§ **What is needed**:
The expected output is the data below, character for character, without its pictures.

*** Data extract Section Begins ***

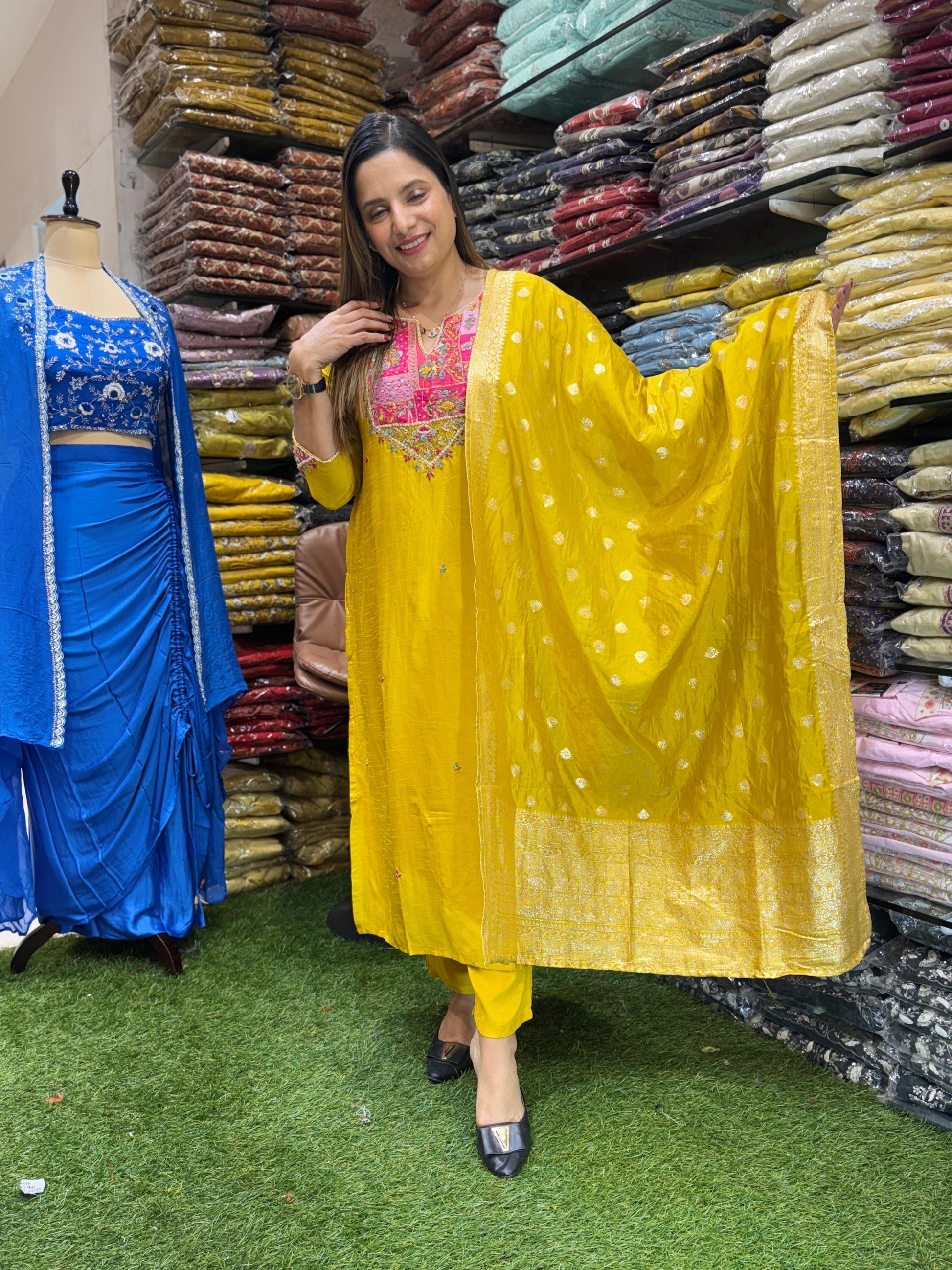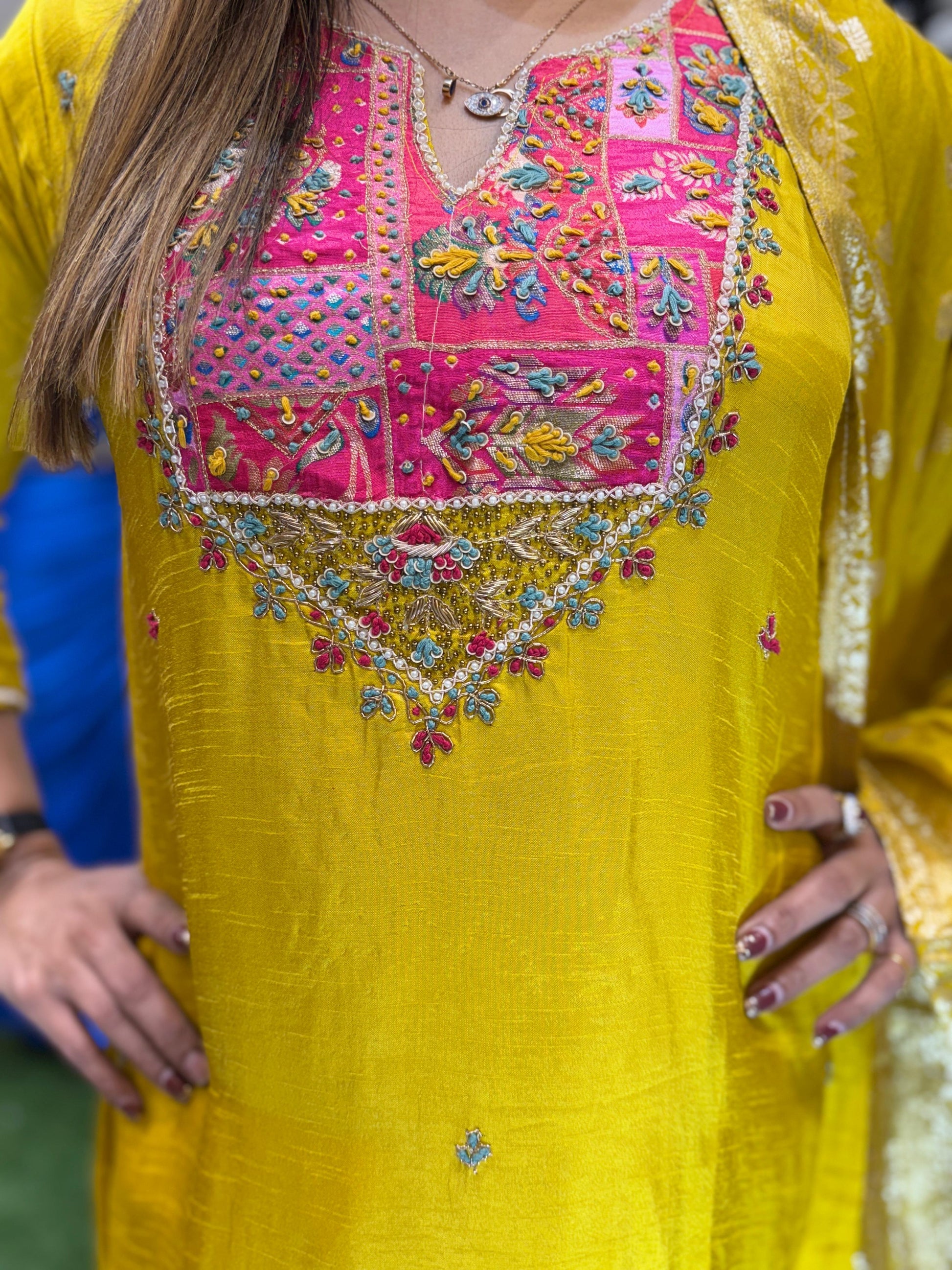 | DISCLAIMER | Culkatta Hand Work Yellow Color |
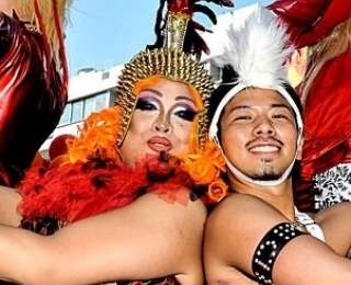 Представители ЛГБТ-сообщества в ярких костюмах принимают участие в параде «Tokyo Rainbow Pride», который проходит по улицам района Сибуя, Токио, Япония.
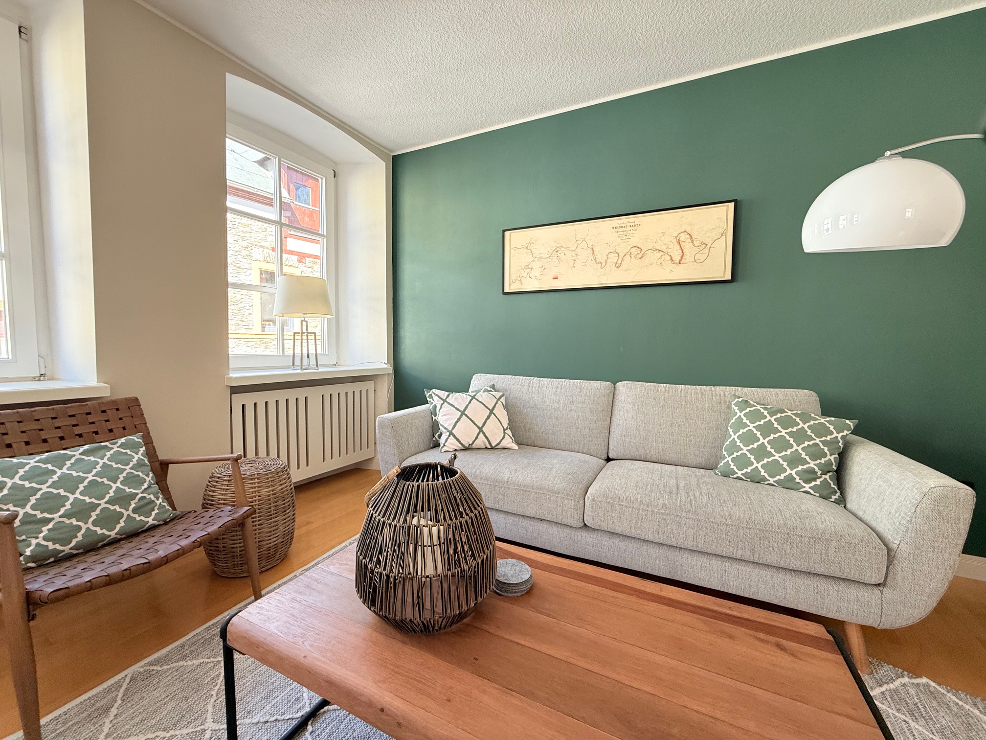 Unsere „Alte Dame“ wurde im Winter 2020 komplett renoviert und stilvoll und dezent neu möbliert. Im Frühjahr 2025 wurde nun auch das große Badezimmer komplett renoviert.
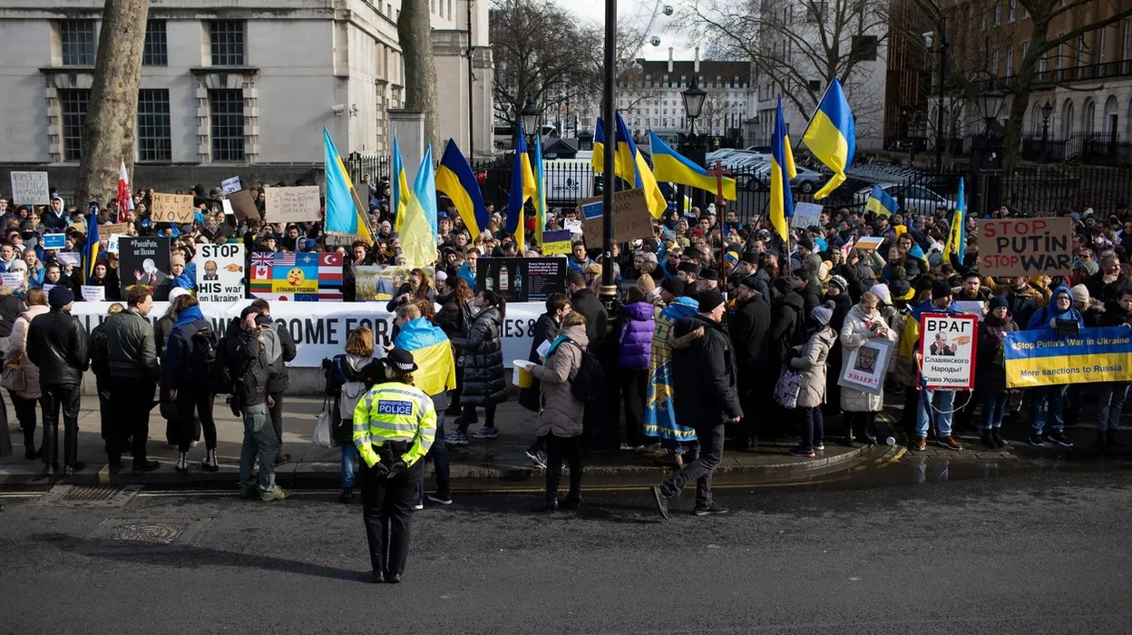 Pro Ukraine protesters gather outside Downing Street on the day that Russian president Vladimir Putin began a full-scale invasion of Ukraine.

*** Data extract Section Ends ***

§ **Exercise answer**:
 | DISCLAIMER | Culkatta Hand Work Yellow Color |
 Представители ЛГБТ-сообщества в ярких костюмах принимают участие в параде «Tokyo Rainbow Pride», который проходит по улицам района Сибуя, Токио, Япония.
 Unsere „Alte Dame“ wurde im Winter 2020 komplett renoviert und stilvoll und dezent neu möbliert. Im Frühjahr 2025 wurde nun auch das große Badezimmer komplett renoviert.
 Pro Ukraine protesters gather outside Downing Street on the day that Russian president Vladimir Putin began a full-scale invasion of Ukraine.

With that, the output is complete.